[Records from a data source]
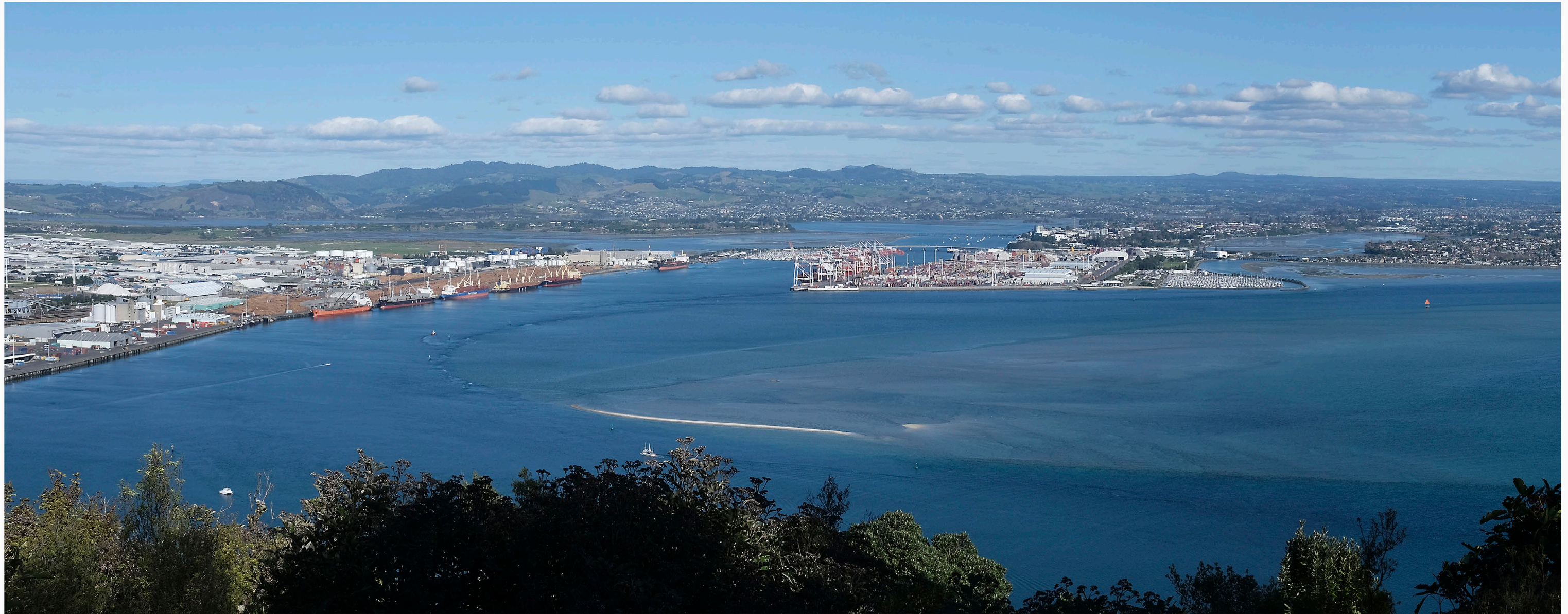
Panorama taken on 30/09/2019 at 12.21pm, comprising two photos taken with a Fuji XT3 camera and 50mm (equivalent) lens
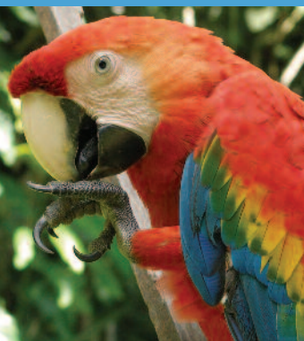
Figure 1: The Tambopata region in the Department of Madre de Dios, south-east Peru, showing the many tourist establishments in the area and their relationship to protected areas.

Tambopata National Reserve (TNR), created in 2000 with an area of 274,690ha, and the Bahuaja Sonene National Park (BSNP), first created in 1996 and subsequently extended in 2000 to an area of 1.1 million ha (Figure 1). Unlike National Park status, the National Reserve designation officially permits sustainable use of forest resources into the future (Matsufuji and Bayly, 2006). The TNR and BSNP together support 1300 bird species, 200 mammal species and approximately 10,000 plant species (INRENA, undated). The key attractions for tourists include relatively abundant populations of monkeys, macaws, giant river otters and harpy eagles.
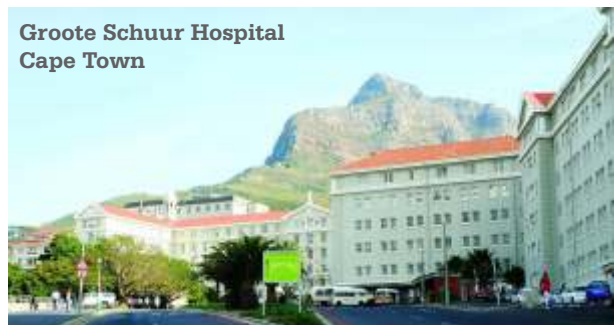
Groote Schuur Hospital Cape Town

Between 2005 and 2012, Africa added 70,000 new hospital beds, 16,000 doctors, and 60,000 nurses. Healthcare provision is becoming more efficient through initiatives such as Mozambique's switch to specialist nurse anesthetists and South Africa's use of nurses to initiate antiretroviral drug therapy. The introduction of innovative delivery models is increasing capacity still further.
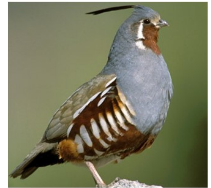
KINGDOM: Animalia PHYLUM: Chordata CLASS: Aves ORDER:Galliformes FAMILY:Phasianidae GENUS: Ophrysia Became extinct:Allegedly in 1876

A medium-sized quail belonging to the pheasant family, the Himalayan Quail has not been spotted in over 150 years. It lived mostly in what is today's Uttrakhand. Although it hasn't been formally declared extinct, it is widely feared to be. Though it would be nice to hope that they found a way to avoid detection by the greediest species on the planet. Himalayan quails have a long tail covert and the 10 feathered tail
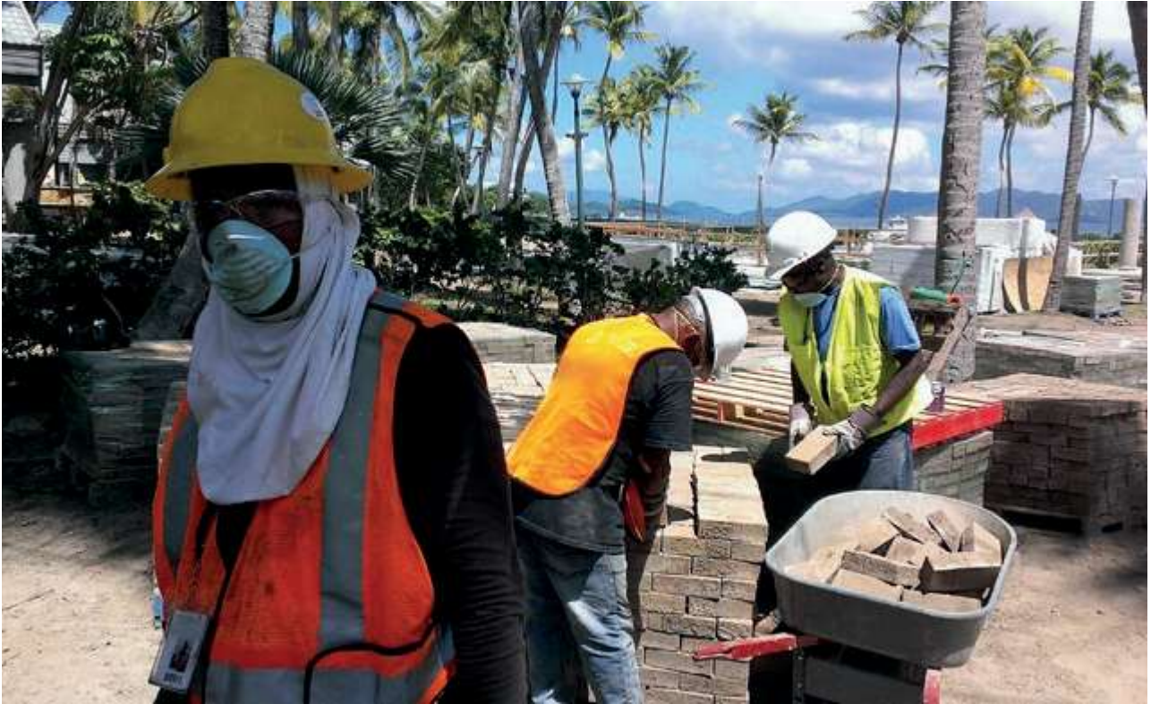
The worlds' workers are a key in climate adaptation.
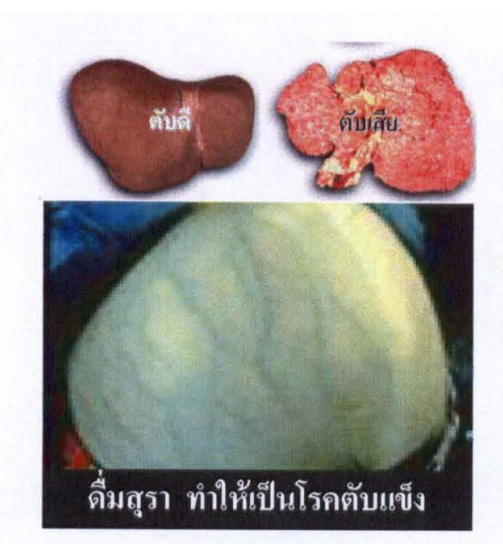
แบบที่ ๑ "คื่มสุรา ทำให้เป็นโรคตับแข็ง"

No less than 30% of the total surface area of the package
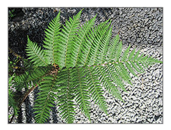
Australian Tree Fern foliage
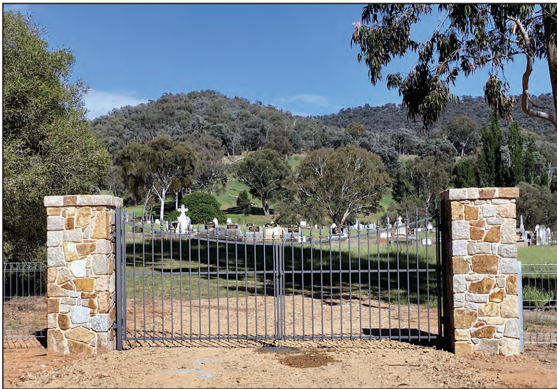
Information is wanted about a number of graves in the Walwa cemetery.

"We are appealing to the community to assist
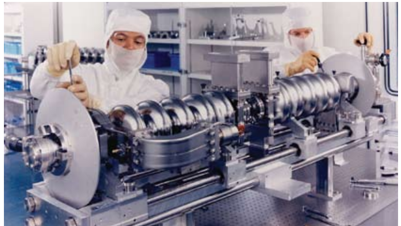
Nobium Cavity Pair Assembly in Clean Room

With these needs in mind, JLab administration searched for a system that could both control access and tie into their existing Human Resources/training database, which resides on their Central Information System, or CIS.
==
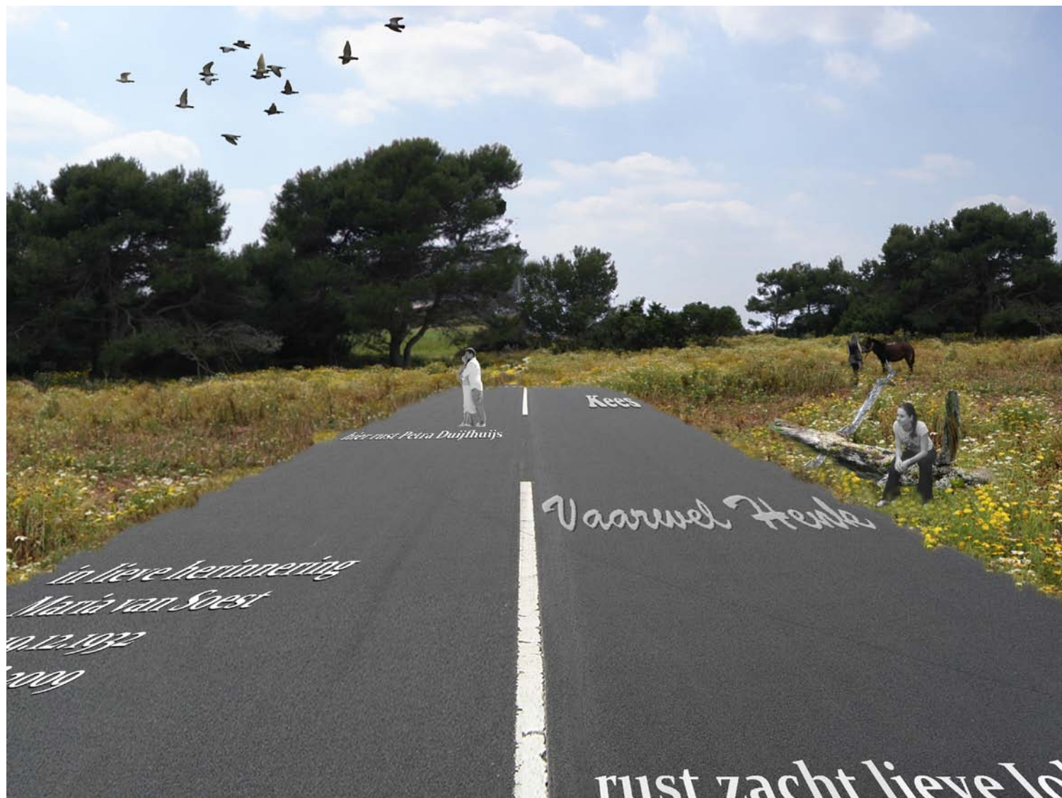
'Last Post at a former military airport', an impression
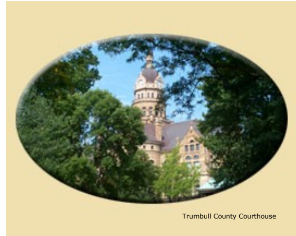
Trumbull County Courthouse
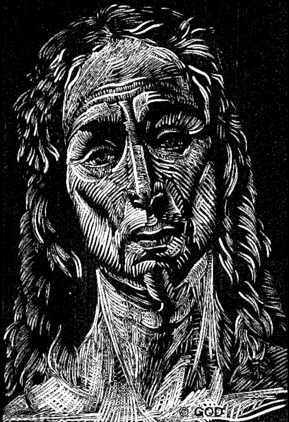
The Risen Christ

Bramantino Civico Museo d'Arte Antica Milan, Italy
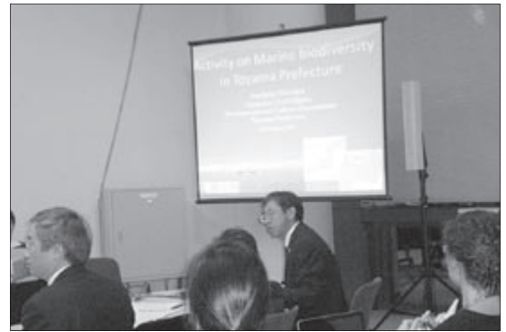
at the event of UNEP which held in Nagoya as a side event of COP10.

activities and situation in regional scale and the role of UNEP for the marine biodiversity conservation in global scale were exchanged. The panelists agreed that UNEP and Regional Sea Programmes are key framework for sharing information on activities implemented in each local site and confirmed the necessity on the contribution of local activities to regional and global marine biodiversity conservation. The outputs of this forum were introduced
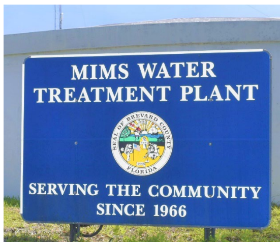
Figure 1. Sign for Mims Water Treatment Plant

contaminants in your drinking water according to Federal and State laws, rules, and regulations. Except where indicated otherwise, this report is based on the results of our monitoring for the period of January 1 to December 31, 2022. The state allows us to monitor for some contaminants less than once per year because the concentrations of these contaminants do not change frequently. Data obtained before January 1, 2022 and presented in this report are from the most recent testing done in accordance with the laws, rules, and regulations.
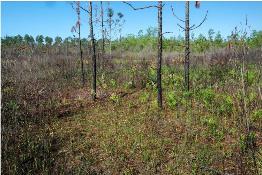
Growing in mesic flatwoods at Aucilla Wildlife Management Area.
--
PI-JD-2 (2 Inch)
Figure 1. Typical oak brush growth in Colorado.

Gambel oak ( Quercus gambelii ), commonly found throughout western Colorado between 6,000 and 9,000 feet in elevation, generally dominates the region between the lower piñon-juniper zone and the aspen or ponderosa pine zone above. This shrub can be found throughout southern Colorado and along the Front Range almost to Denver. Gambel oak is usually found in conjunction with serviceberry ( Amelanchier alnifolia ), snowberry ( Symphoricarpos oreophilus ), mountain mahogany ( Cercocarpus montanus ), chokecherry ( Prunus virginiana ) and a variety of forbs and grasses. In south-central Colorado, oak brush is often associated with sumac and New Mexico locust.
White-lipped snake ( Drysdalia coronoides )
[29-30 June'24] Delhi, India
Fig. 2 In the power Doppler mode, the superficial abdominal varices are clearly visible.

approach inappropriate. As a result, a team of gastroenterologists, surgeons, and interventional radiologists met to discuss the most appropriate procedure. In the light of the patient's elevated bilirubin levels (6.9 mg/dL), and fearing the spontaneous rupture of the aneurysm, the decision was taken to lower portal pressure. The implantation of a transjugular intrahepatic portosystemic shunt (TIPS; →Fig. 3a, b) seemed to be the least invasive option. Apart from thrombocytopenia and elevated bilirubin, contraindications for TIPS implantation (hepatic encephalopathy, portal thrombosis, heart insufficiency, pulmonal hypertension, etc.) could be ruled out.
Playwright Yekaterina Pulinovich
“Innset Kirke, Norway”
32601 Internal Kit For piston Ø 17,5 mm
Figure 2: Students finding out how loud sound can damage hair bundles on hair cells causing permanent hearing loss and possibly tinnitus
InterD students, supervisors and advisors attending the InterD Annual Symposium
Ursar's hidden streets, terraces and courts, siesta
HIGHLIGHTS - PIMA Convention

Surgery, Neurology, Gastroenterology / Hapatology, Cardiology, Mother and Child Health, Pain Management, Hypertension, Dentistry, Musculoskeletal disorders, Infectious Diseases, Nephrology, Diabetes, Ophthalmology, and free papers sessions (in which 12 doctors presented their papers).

> **Task item**:
Search the data above for the string "than" and return every line that has it.

> **Written solution**:
No less than 30% of the total surface area of the package
contaminants in your drinking water according to Federal and State laws, rules, and regulations. Except where indicated otherwise, this report is based on the results of our monitoring for the period of January 1 to December 31, 2022. The state allows us to monitor for some contaminants less than once per year because the concentrations of these contaminants do not change frequently. Data obtained before January 1, 2022 and presented in this report are from the most recent testing done in accordance with the laws, rules, and regulations.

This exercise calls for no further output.